Journalize partnership transactions/ Income allocations
Kelley and Eckert formed a partnership, Eckert invested $82,500 in cash and Kelley invested land valued at $60,000 and a bldg valued at $100,000. The partnership also assumed responsibility of Kelley's $92,500 long-term note payable associated w/the land and bldg. They agreed to share income, Eckert to receive and annyal salary allowance of $25,000, both receive an annual interest allowance of 10% of their beginning year capital investment, any remaining income or loss to be shared equally. On 20 Oct Eckert withdrew $34,000 cash and Kelley withdrew $20,000 cash.
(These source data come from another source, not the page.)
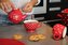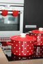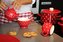 - Poutavý design: červená barva s bílými puntíky oživí každý stůl.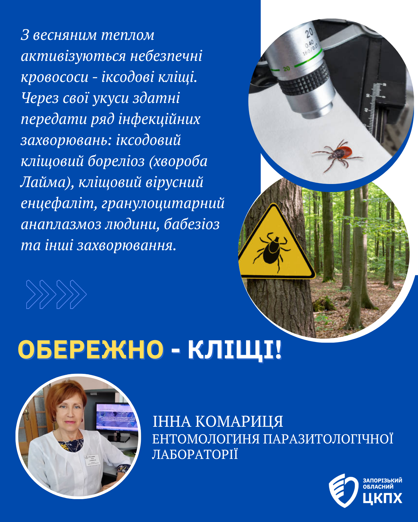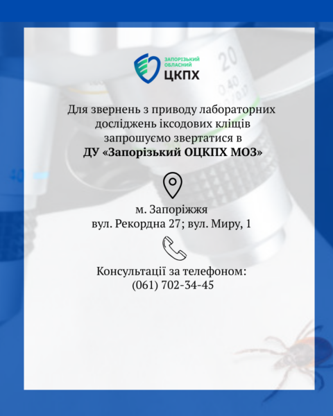 З приводу лабораторних досліджень іксодових кліщів звертайтеся в Запорізький ОЦКПХ за адресами: м. Запоріжжя, вул. Рекордна 27; вул. Миру, 1. Телефон для консультацій: (061) 702-34-45, e-mail: [email protected]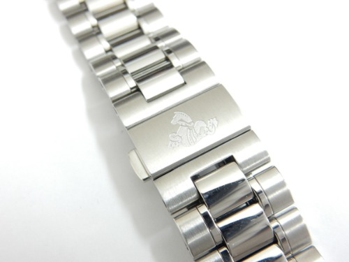 18mmのオメガ純正ステンレスベルトは、両側プッシュ式の片開きタイプになっています。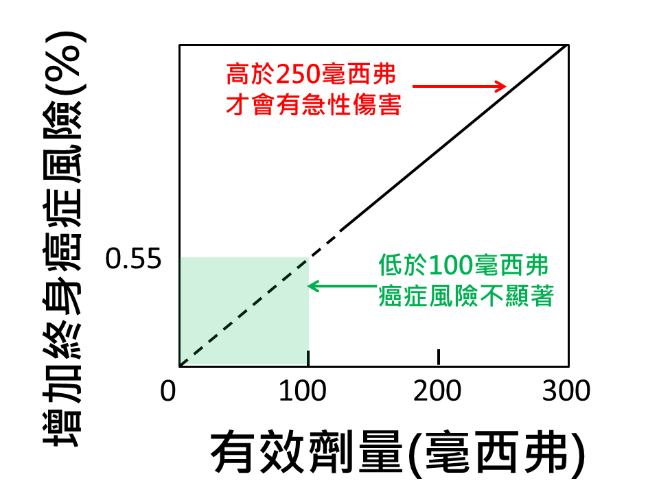 (線性無閾模型僅在輻射劑量大於125毫西弗時才有足夠證據顯示與癌症機率相關)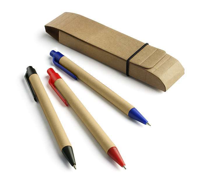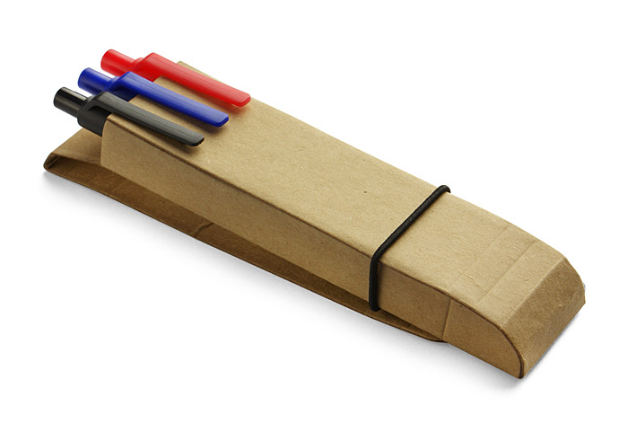 Set personalizat instrumente de scris compus din trei pixuri diferite: albastru, negru si rosu. Produsul este realizat din hartie si plastic. Produsul se livreaza ambalat intr-o cutie de carton prevazuta cu o banda elastica pentru inchidere. Culoare: Bej. Dimensiuni pix: 140 x 10 mm. Dimensiuni cutie: 145 x 32 x 17 mm. Recomandam personalizarea prin serigrafie sau print UV. Costurile acestui serviciu se calculeaza separat in functie de specificatiile clientului. Comanda minima 50 buc. Pretul nu contine TVA.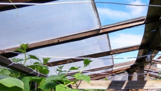 В 2009-2010 годах построили две теплицы 6 и 8 м длинной из оконных рам. Крышу просто накрыли поликарбонатом (ПК), прикрутив его планками к стропилам. Так было ПК по рёбрам уже стал растрескиваться, и возникла необходимость в его замене. В этом году, в ходе дискуссии, было высказано пожелание, что неплохо было бы, чтобы крыша раздвигалась. Посмотрела ролик про теплицу «Воля», ничего не поняла, поняла только, что станка у нас нет, чтобы ПК вставить в алюминиевую раму, и мы «пошли другим путём». Сделали облегчённый вариант — на стропила прикрутили саморезами планки, а между ними проложили кабель-каналы 10х15, и получился Н-образный профиль, и по этим направляющим задвигаются листы ПК. Торцы ПК загерметизировала (нудно, но решила, что надо) и надела торцевой профиль для жесткости. Для одной теплицы листы ПК порезали пополам по 105 см, а для другой — на три части по 70 см — лучше по 70 см, они не прогибаются. Так стало На зиму будем снимать и убирать. Теперь сдвигаю несколько листов ПК — и нет сильной жары, а то в 40 см от крыши было +64ºC. Света больше стало. Вид изнутри Всегда рада конструктивной критике, может быть, что-то не учла.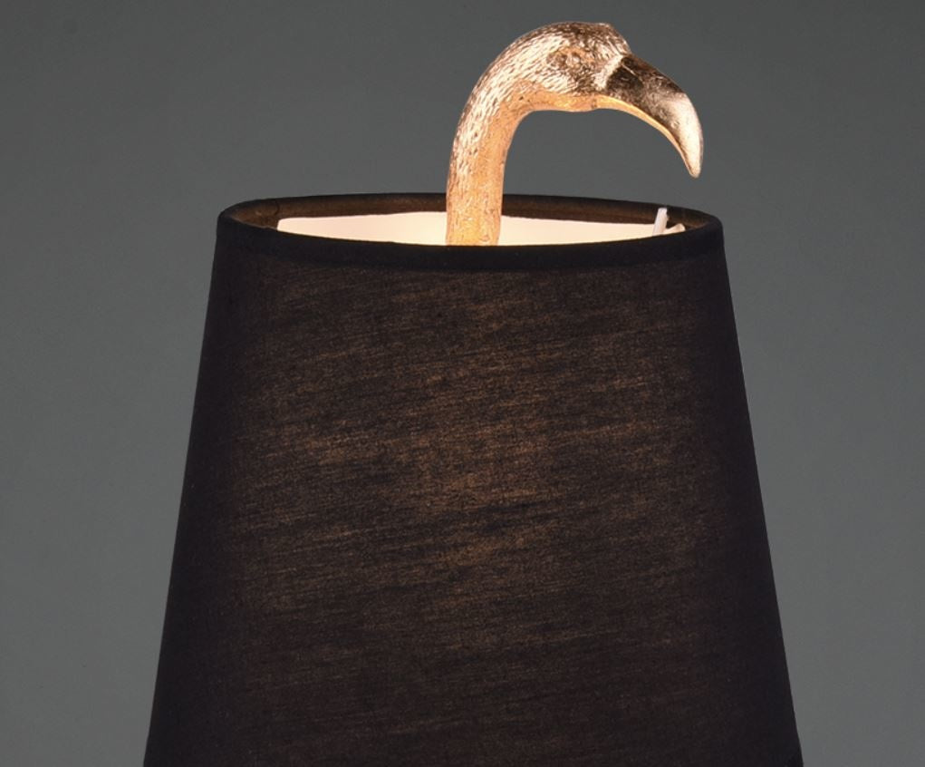 Wat een super trendy tafellamp is deze Lola schemerlamp van Trio Leuchten! De flamingo is rosé goud van kleur en de kap is zwart met een witte pvc binnenkant.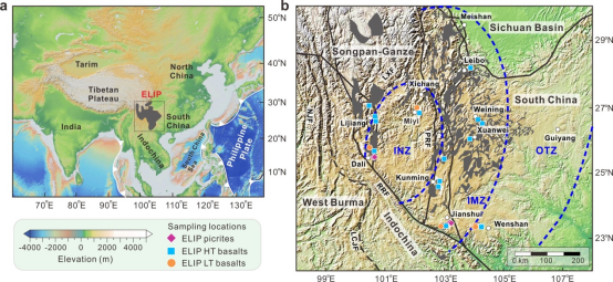 公司教授夏小平联合中国科学院广州地球化学研究所徐健副研究员、张乐高级工程师、王强研究员、徐义刚研究员等人以及帕多瓦大学的Omar Bartoli教授选择峨眉山大火成岩省的玄武岩和苦橄岩为研究对象(图1),对其开展了高精度的B含量和B同位素、元素和Sr-Nd-Pb同位素分析。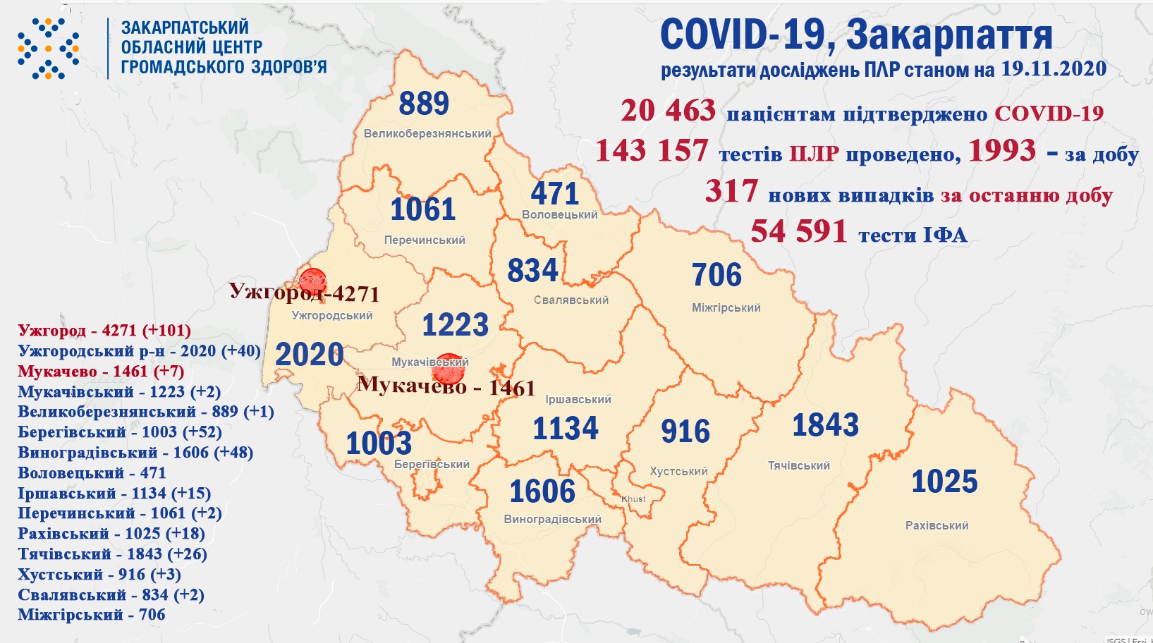 Загалом, 20 463 закарпатцям встановлено діагноз COVID-19, із яких 1 772 медики та 1046 – діти.

Afer the adjusting and closing entries are made to the revenue and expense accounts at 31 Dec, the Income Summary account had a credit balance of $90,000.
Prepare journal entries to record 1)the partners initial capital investments, b) their cash withdrawals, and c) the 31 Dec closing of both the withdrawls and Income Summary accounts.
and determine the balances of the partners' capital accounts as of 31 Dec 08.
Kramer and Knox began a partnership by investing $60,000 and $80,000 respectively. The first year the partnership earned $160,000. Prepare calculations showing how the $160,000 income should be allocated to the partners under each of the following three seperate plans for sharing income and loss.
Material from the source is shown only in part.